In any event, this indirect accountability theory flips the protection for individual liberty in the Constitution on its head. The steps to enact new legislation were intentionally made difficult in the Constitution. That Congress has to overrule illegal agency “law” fundamentally subverts a constitutional order based on the consent of the governed.

Seventh, EPA and the Corps also oppose all efforts by landowners to challenge individual jurisdictional determinations in court. After winning a 9-0 decision in Sackett v. EPA in 2012, Pacific Legal Foundation continues to battle the agencies on court access to challenge wetlands determinations in analogues situations.

The Foundation is asking the Supreme Court to take up this issue again in a case pending now before the High Court, but Congress should expressly provide for judicial review of all final agency wetlands determinations—without a landowner having to apply for a permit on bended knee to use his own property that may not be lawfully subject to any agency control.

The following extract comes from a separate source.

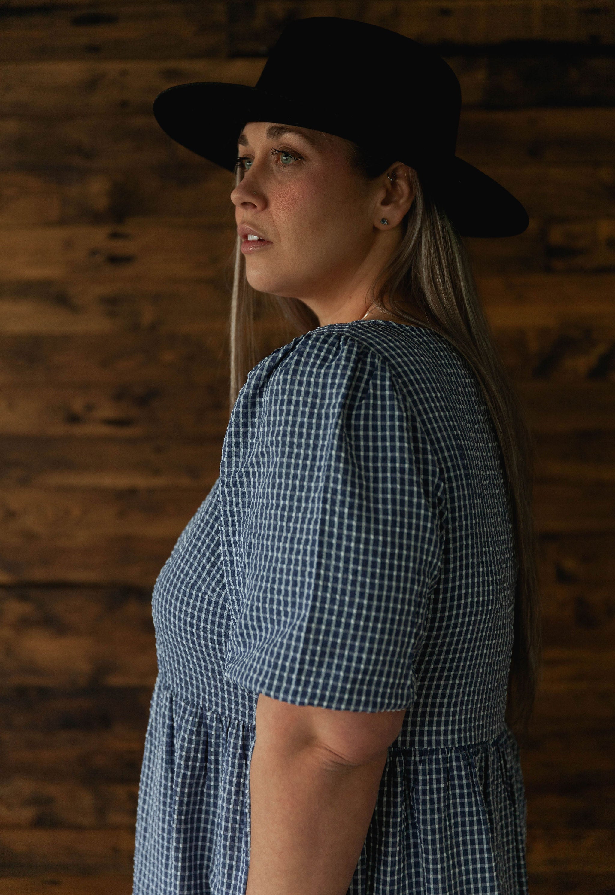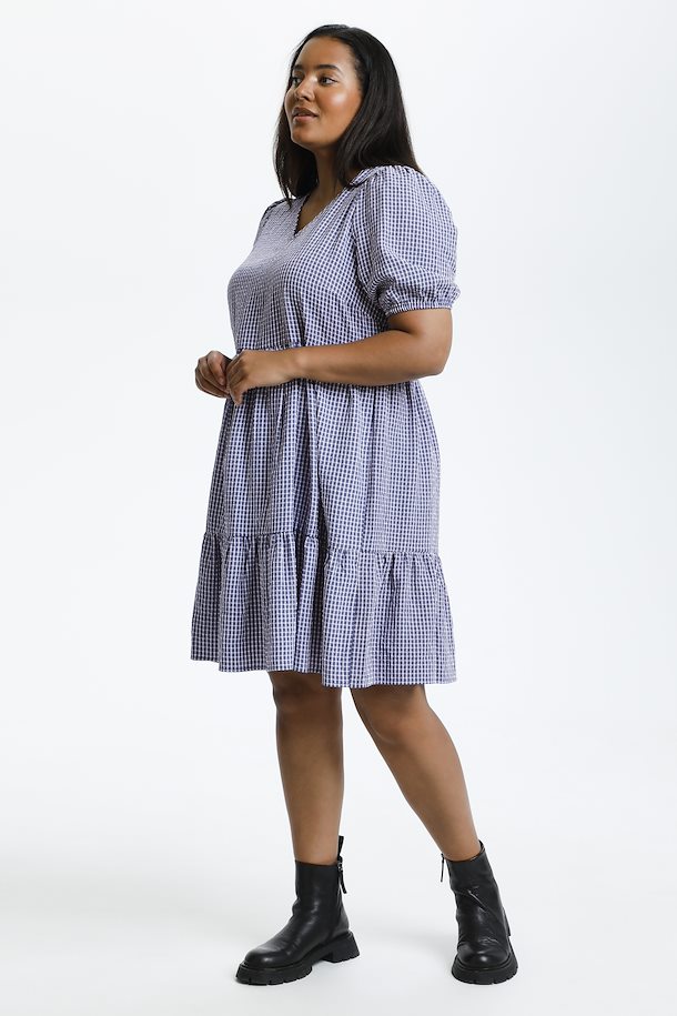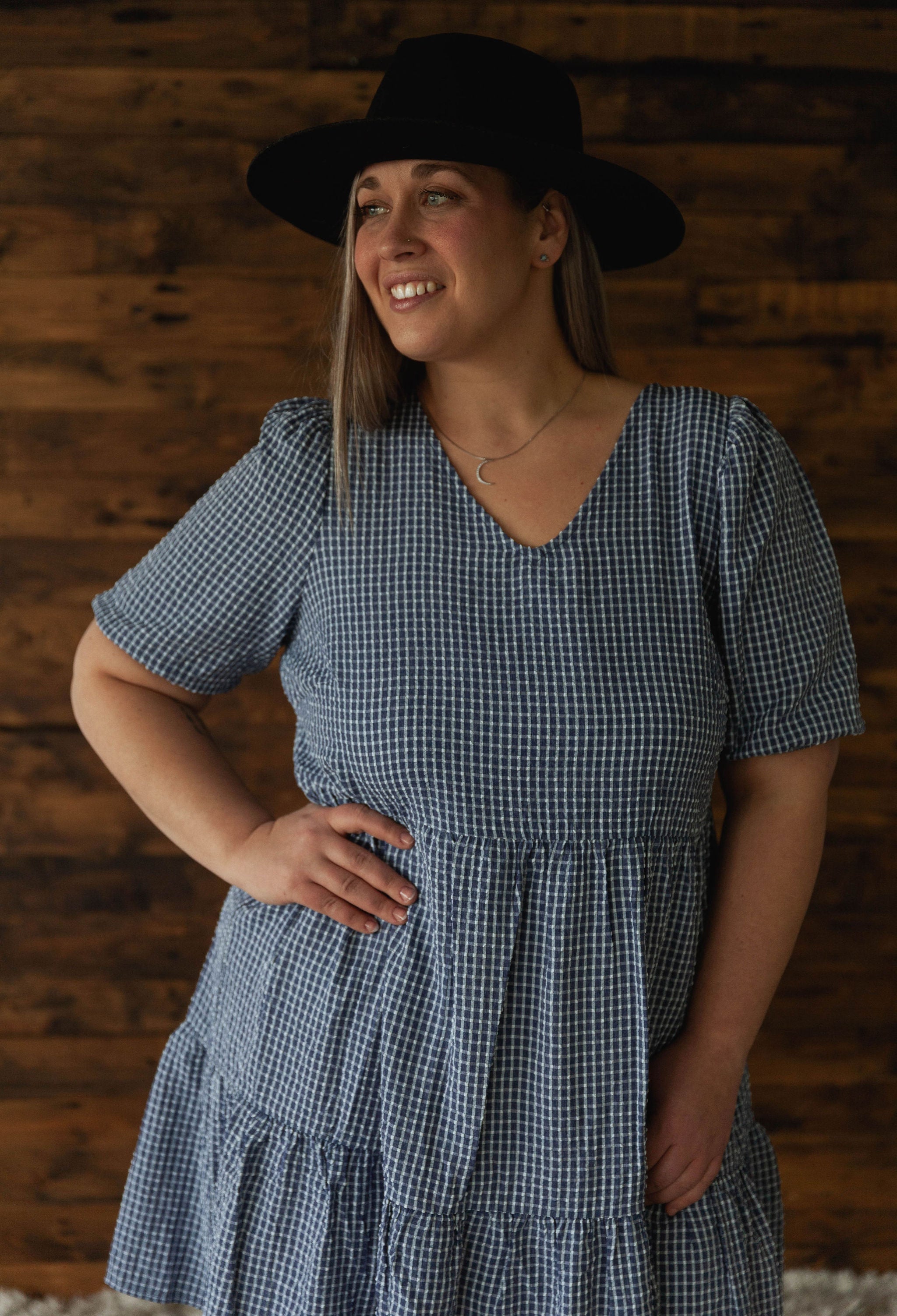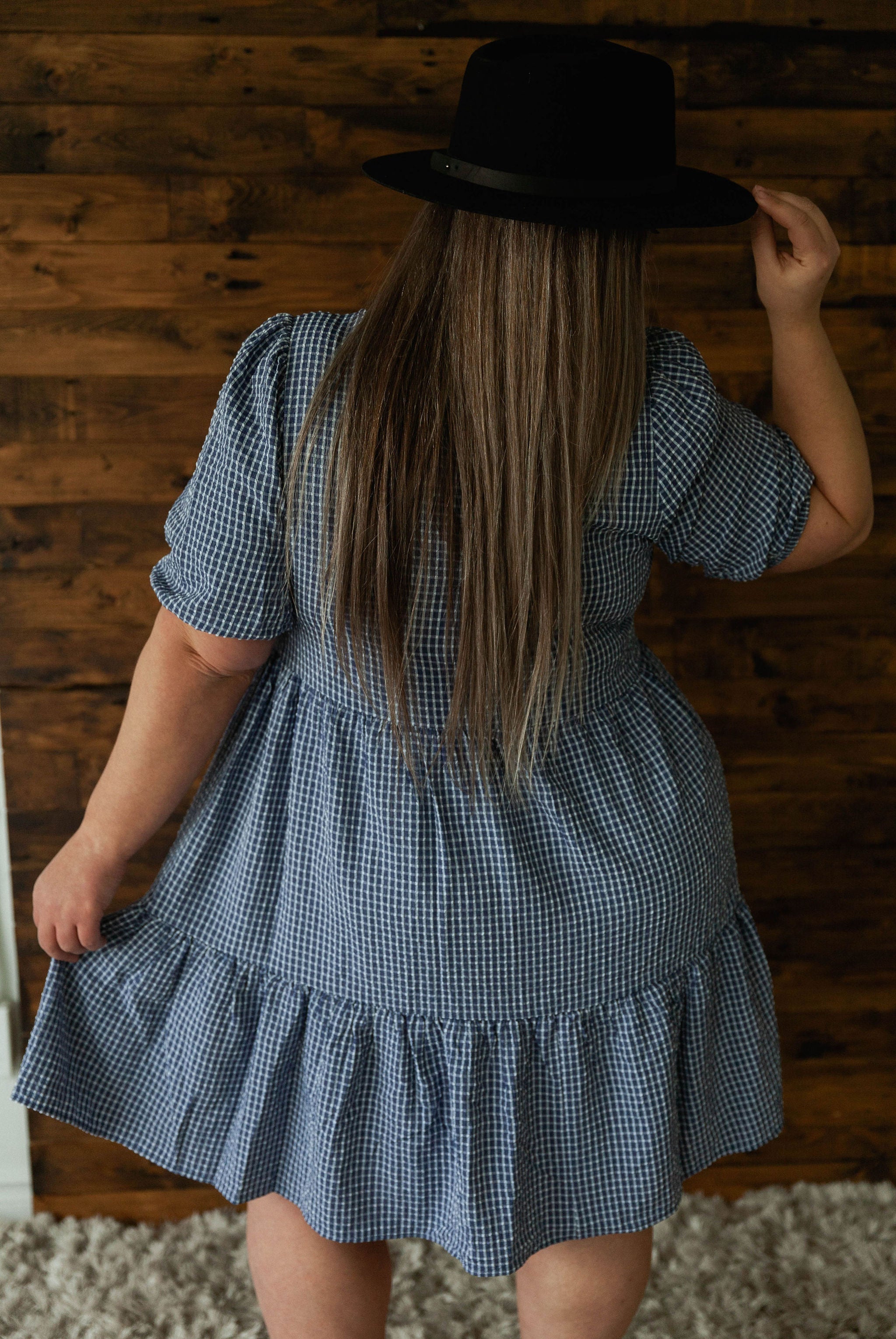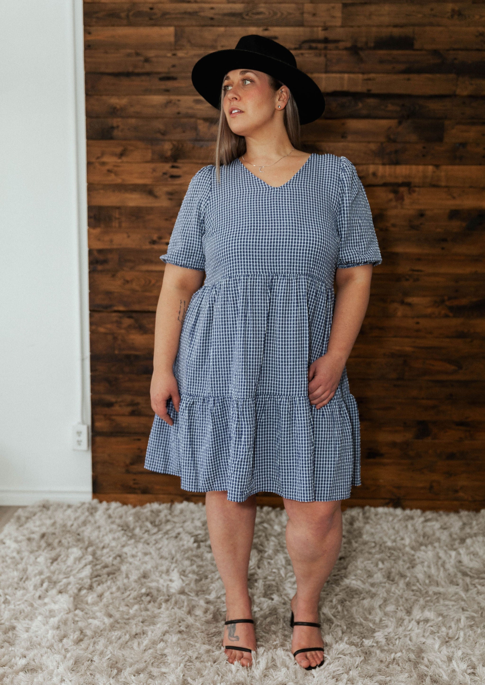 This lovely soft blue checked dress is perfect to see you through spring and summer. Its relaxed fit makes it super comfy and versatile.

Pacific Legal Foundation and others will file suit challenging the WOTUS rule if it is not substantially changed to make it lawful, but Congress should not wait years for another Supreme Court ruling that EPA and the Corps may again ignore. If Congress cannot find the will to stop the WOTUS rule, it will be further proof that Congress is no match for an entrenched bureaucracy set on controlling how we live.